**Exercise data:**
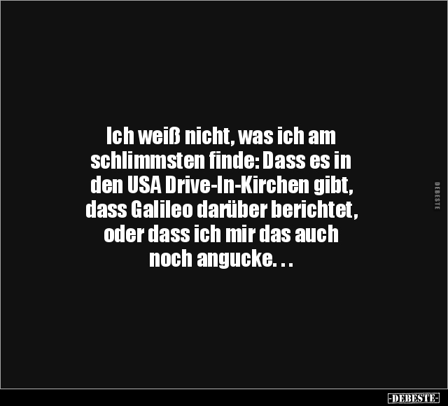 Ich weiß nicht, was ich am schlimmsten finde: Dass es in den USA Drive-In-Kirchen gibt, dass Galileo darüber berichtet, oder dass ich mir das auch noch angucke. . .
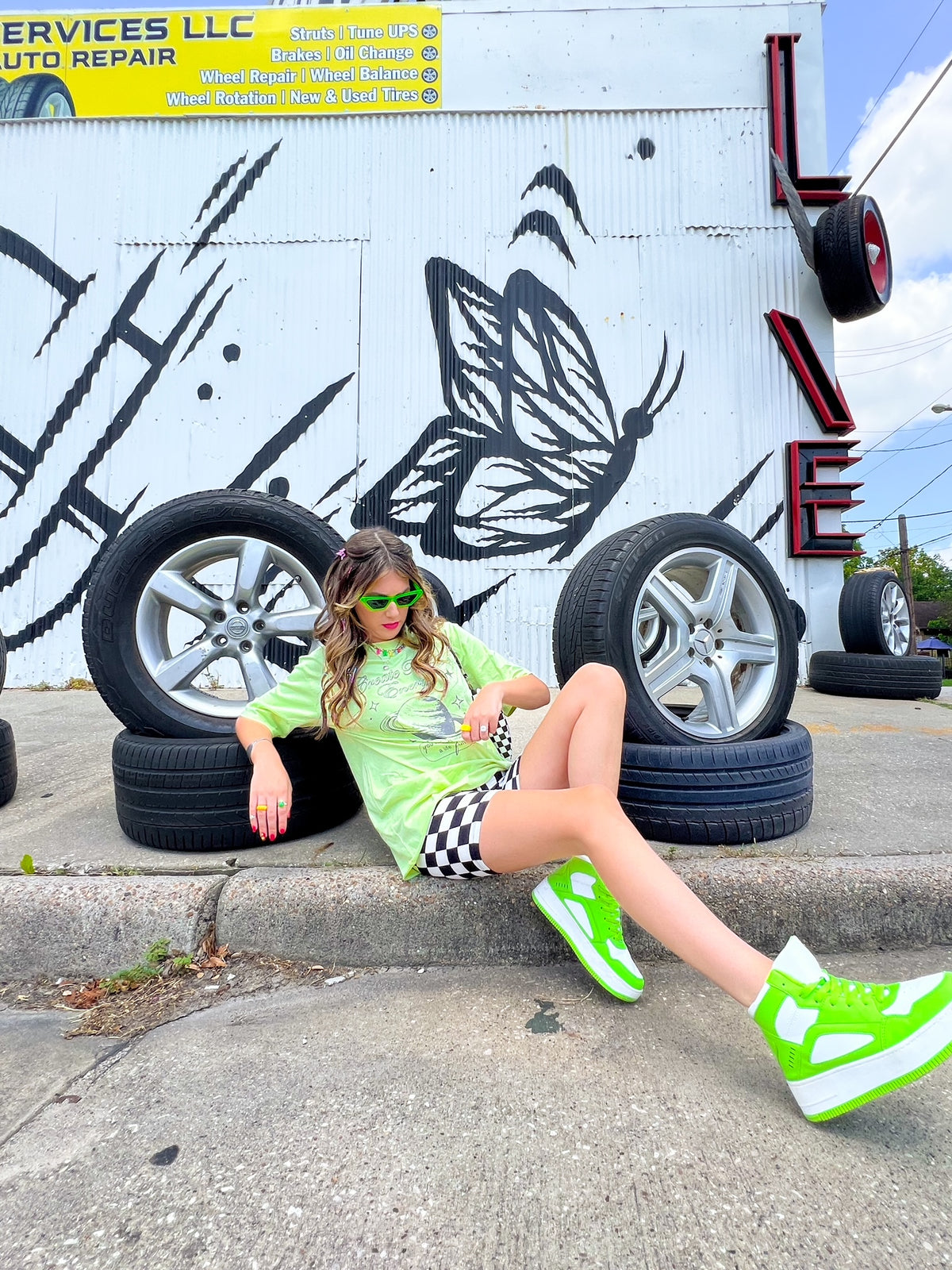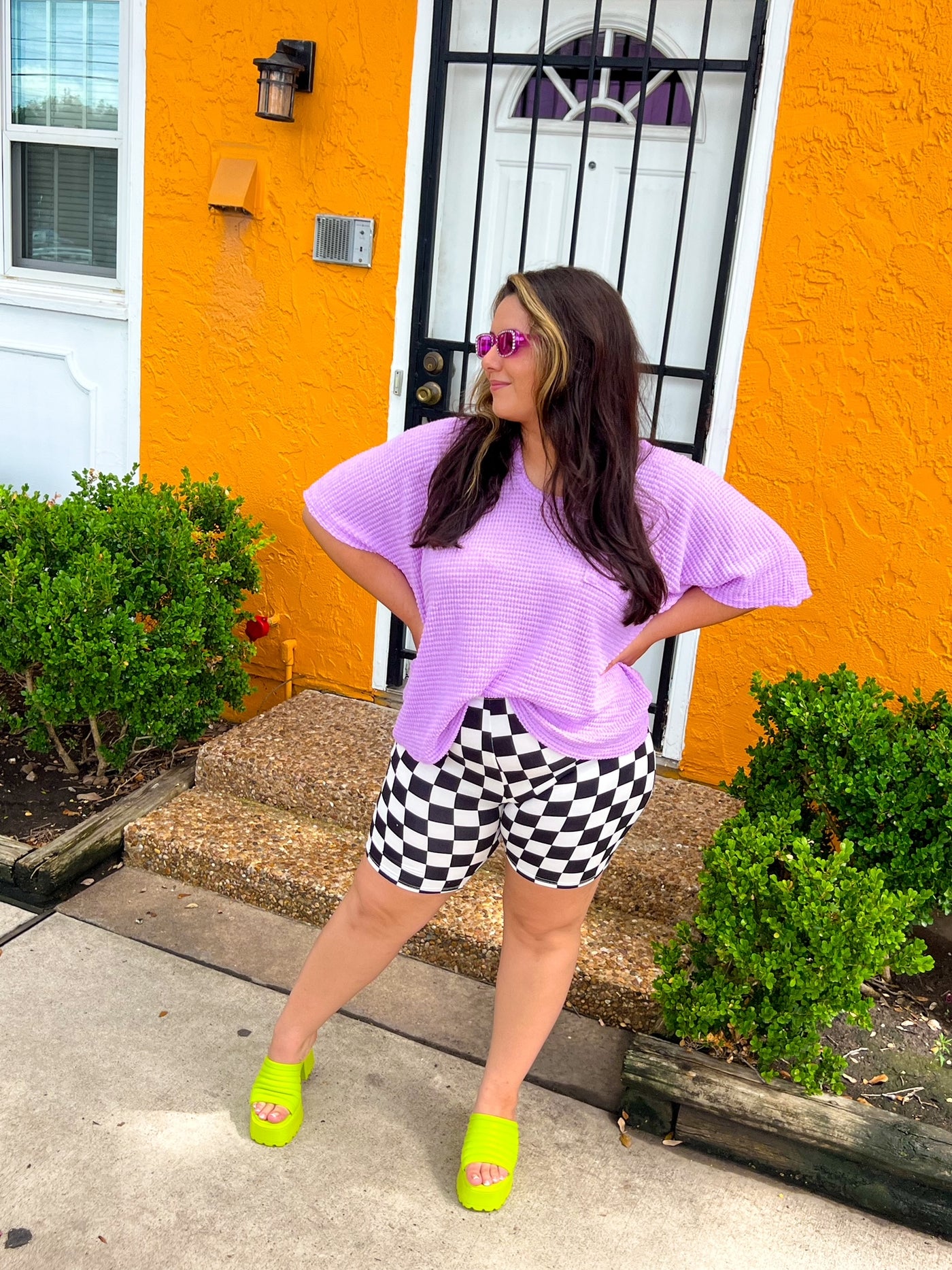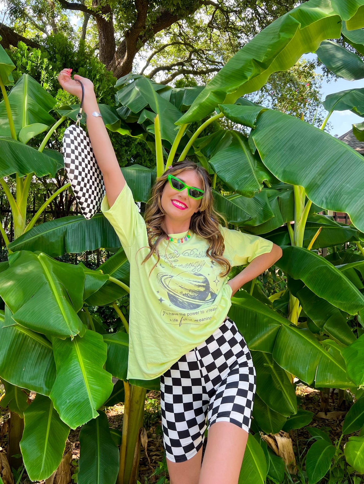 WwwWhen it is just TOO hot, you can't beat a good oversized graphic tee and some fun biker shorts! This fabric is stretchy and soft, perfect to take you on all your summer adventures. And the classic black and white checker print?! Iconic. We paired ours with the Positive Life tee in sage green.
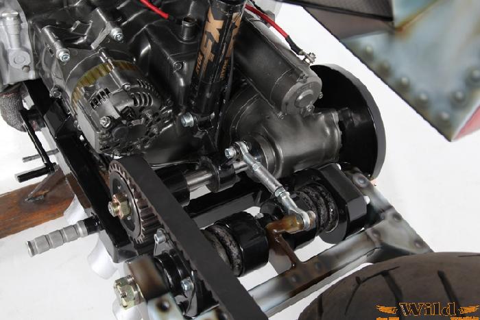 A stílus behatárolhatatlan, a látvány pedig feldolgozhatatlan. Az építési alap egy Honda GL 1500 Goldwing blokkja volt, de semmi egyéb nem állt rendelkezésre. A cél nem is lehetett volna más, mint az eredetileg 400 kilós óriáscirkáló reciprokát, ha úgy tetszik inverzét létrehozni. Ez olyan jól sikerült, hogy a motor központi része a hathengeres erőforrás lett, ehhez csatlakoznak a használathoz elengedhetetlen elemek. A kormány ötlete minden kétséget kizáróan a Lipótmezőről származik, ugyanis fel-le irányba használható, mint egy autó szarvkormánya. Az egész mechanikát egy kardáncsuklóra bízták, ami a haladás irányában elhelyezett kormánytengely forgását a villa tengelyére viszi át…
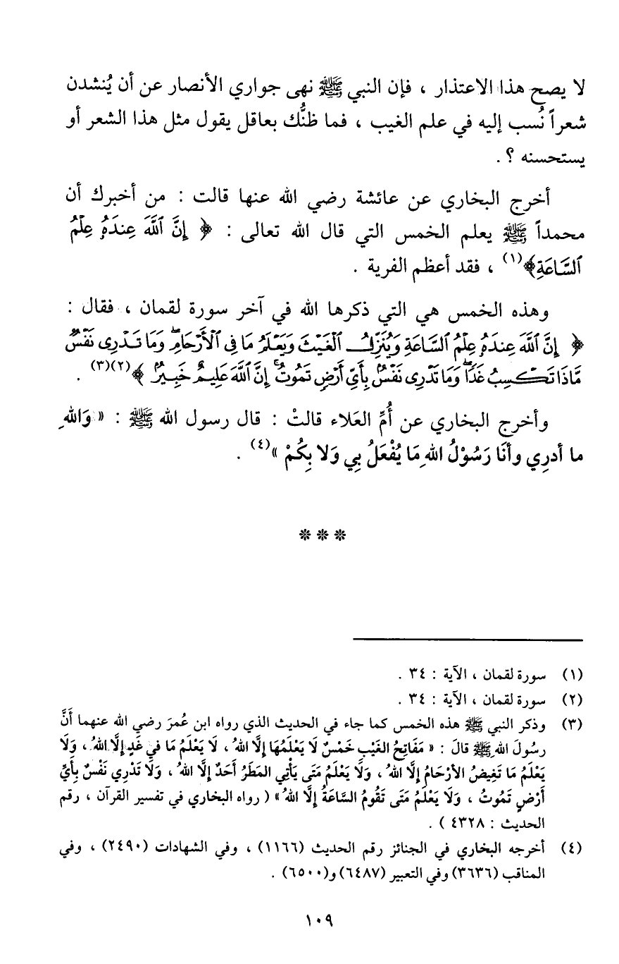 أخرج البخاري عن عائشة رضي اللَّه عنها قالت: «من أخبرك أن محمدا صلى اللَّه عليه وسلم يعلم الخمس التي قال اللَّه تعالى: {إِنَّ اللَّهَ عِنْدَهُ عِلْمُ السَّاعَةِ} [لقمان: 34] ، فقد أعظم الفرية» .
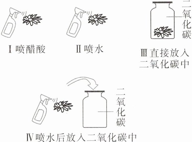 3. 为探究二氧化碳能否和水反应,用四朵石蕊试液染成紫色的干燥小花完成下图四个实验。实验Ⅰ、Ⅳ中小花变红,实验Ⅱ、Ⅲ中小花不变色。下列说法不正确的是( )。
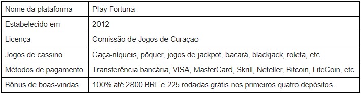 A plataforma Play Fortuna tem uma grande variedade de jogos de cassino disponíveis para os apostadores do Brasil garantirem seus ganhos. Esse cassino on-line tem mais de uma década de experiência no setor e é licenciado pela Curaçao Gaming Commission. Observando a popularidade do Play Fortuna playfortuna1.com.br, vários usuários estão ansiosos para começar sua jornada no cassino e reivindicar seus ganhos. Neste guia, os novos usuários podem ver em detalhes o processo de registro e verificação de conta, por meio do qual podem começar a apostar nessa plataforma. Aqueles que criarem uma nova conta nessa plataforma poderão receber 100% até 2800 BRL e 225 rodadas grátis em seus primeiros quatro depósitos.

**Task description:**
Without including any picture, output all the material exactly as it appears.

**Task output:**
 Ich weiß nicht, was ich am schlimmsten finde: Dass es in den USA Drive-In-Kirchen gibt, dass Galileo darüber berichtet, oder dass ich mir das auch noch angucke. . .
 WwwWhen it is just TOO hot, you can't beat a good oversized graphic tee and some fun biker shorts! This fabric is stretchy and soft, perfect to take you on all your summer adventures. And the classic black and white checker print?! Iconic. We paired ours with the Positive Life tee in sage green.
 A stílus behatárolhatatlan, a látvány pedig feldolgozhatatlan. Az építési alap egy Honda GL 1500 Goldwing blokkja volt, de semmi egyéb nem állt rendelkezésre. A cél nem is lehetett volna más, mint az eredetileg 400 kilós óriáscirkáló reciprokát, ha úgy tetszik inverzét létrehozni. Ez olyan jól sikerült, hogy a motor központi része a hathengeres erőforrás lett, ehhez csatlakoznak a használathoz elengedhetetlen elemek. A kormány ötlete minden kétséget kizáróan a Lipótmezőről származik, ugyanis fel-le irányba használható, mint egy autó szarvkormánya. Az egész mechanikát egy kardáncsuklóra bízták, ami a haladás irányában elhelyezett kormánytengely forgását a villa tengelyére viszi át…
 أخرج البخاري عن عائشة رضي اللَّه عنها قالت: «من أخبرك أن محمدا صلى اللَّه عليه وسلم يعلم الخمس التي قال اللَّه تعالى: {إِنَّ اللَّهَ عِنْدَهُ عِلْمُ السَّاعَةِ} [لقمان: 34] ، فقد أعظم الفرية» .
 3. 为探究二氧化碳能否和水反应,用四朵石蕊试液染成紫色的干燥小花完成下图四个实验。实验Ⅰ、Ⅳ中小花变红,实验Ⅱ、Ⅲ中小花不变色。下列说法不正确的是( )。
 A plataforma Play Fortuna tem uma grande variedade de jogos de cassino disponíveis para os apostadores do Brasil garantirem seus ganhos. Esse cassino on-line tem mais de uma década de experiência no setor e é licenciado pela Curaçao Gaming Commission. Observando a popularidade do Play Fortuna playfortuna1.com.br, vários usuários estão ansiosos para começar sua jornada no cassino e reivindicar seus ganhos. Neste guia, os novos usuários podem ver em detalhes o processo de registro e verificação de conta, por meio do qual podem começar a apostar nessa plataforma. Aqueles que criarem uma nova conta nessa plataforma poderão receber 100% até 2800 BRL e 225 rodadas grátis em seus primeiros quatro depósitos.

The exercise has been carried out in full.